DATASET ENTRIES »
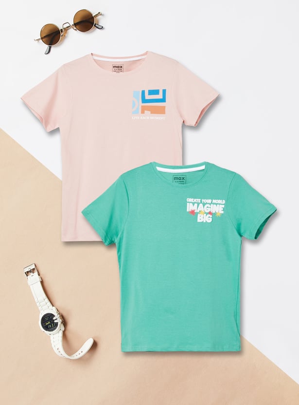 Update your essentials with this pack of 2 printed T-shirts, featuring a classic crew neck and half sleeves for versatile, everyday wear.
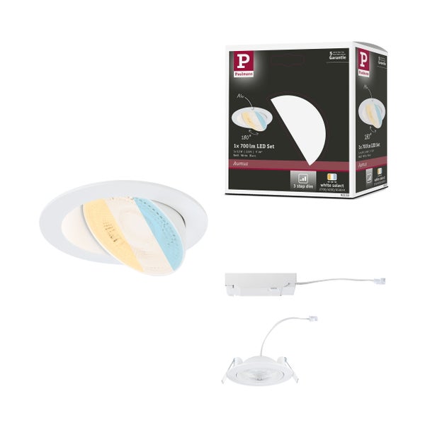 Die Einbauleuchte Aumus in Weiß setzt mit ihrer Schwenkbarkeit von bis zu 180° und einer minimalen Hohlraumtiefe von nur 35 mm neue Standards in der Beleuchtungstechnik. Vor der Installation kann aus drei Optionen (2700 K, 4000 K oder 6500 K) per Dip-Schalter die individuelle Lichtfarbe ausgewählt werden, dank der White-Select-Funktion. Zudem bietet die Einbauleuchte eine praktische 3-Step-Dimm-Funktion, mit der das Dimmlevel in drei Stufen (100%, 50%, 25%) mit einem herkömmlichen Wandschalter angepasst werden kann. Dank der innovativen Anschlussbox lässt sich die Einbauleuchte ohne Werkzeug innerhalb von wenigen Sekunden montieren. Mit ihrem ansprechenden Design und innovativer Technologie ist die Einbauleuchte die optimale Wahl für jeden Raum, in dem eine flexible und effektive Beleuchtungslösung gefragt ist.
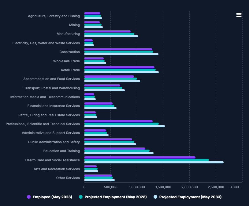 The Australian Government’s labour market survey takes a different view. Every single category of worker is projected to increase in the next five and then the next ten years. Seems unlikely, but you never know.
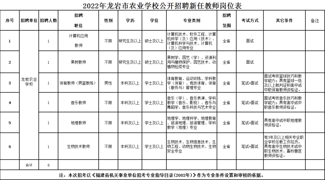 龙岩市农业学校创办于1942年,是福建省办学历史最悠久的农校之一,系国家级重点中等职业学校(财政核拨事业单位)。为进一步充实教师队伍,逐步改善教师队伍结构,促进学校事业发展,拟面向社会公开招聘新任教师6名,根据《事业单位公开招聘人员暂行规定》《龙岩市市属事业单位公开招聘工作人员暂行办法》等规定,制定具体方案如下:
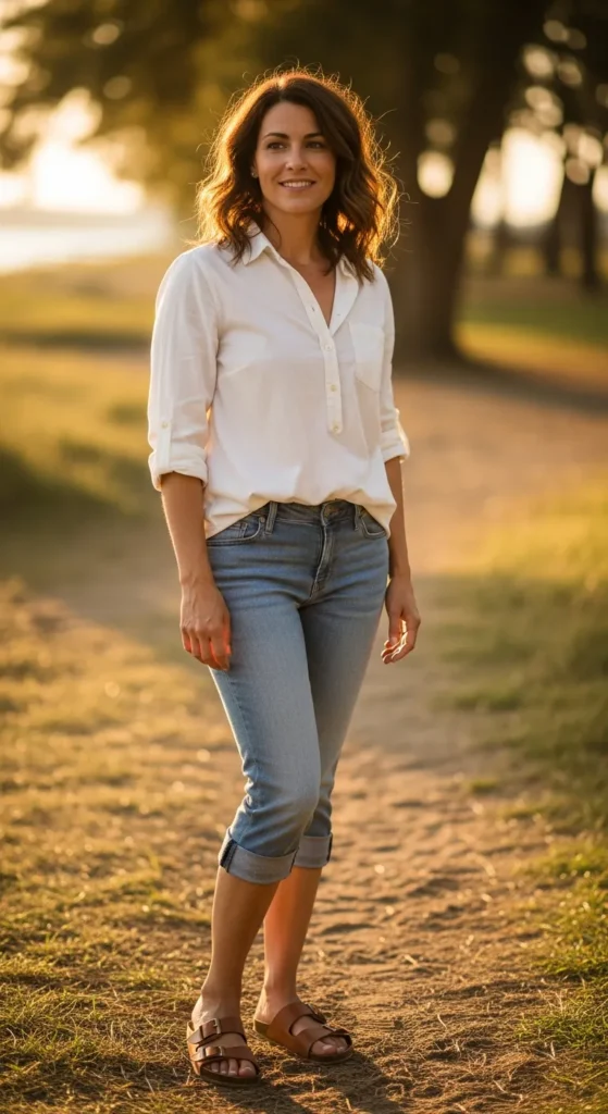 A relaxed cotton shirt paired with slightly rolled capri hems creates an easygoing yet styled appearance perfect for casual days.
--
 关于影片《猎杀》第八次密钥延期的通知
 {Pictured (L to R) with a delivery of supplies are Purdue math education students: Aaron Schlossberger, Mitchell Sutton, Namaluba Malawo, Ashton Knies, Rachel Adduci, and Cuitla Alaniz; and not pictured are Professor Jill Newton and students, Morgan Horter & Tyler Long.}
---
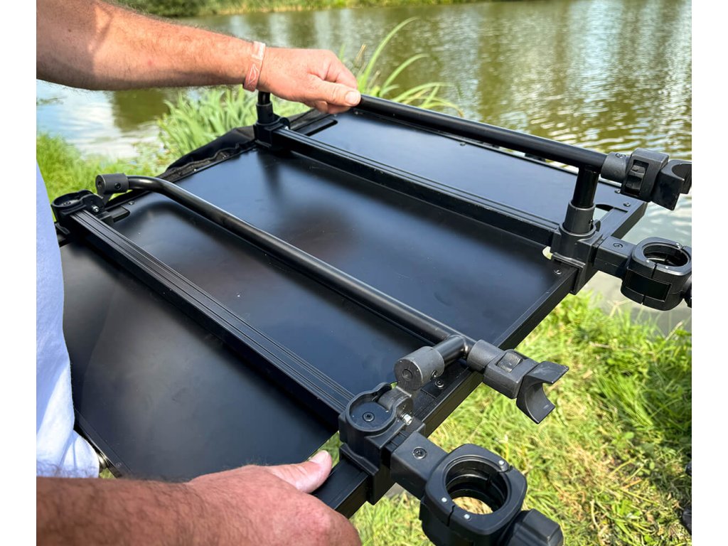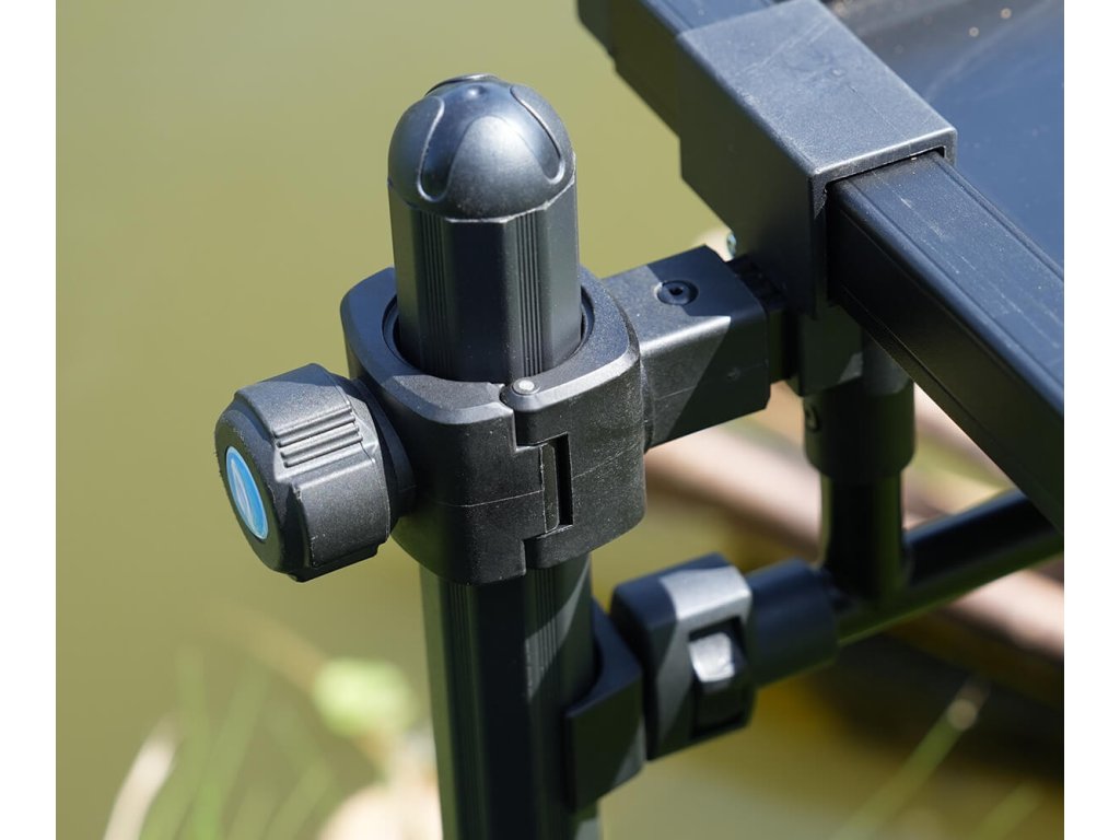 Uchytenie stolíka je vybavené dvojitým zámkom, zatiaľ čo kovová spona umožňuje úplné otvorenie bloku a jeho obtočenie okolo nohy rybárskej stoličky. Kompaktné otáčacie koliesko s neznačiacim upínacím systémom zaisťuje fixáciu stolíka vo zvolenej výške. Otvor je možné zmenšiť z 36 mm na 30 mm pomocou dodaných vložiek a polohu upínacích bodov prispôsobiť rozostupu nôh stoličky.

PROBLEM STATEMENT » Each line between the one holding "龙岩市农业学校创办于1942" and the one holding "A relaxed cotton", inclusive, should be copied exactly as it appears above, and pictures should be omitted.

WRITTEN REPLY »
 龙岩市农业学校创办于1942年,是福建省办学历史最悠久的农校之一,系国家级重点中等职业学校(财政核拨事业单位)。为进一步充实教师队伍,逐步改善教师队伍结构,促进学校事业发展,拟面向社会公开招聘新任教师6名,根据《事业单位公开招聘人员暂行规定》《龙岩市市属事业单位公开招聘工作人员暂行办法》等规定,制定具体方案如下:
 A relaxed cotton shirt paired with slightly rolled capri hems creates an easygoing yet styled appearance perfect for casual days.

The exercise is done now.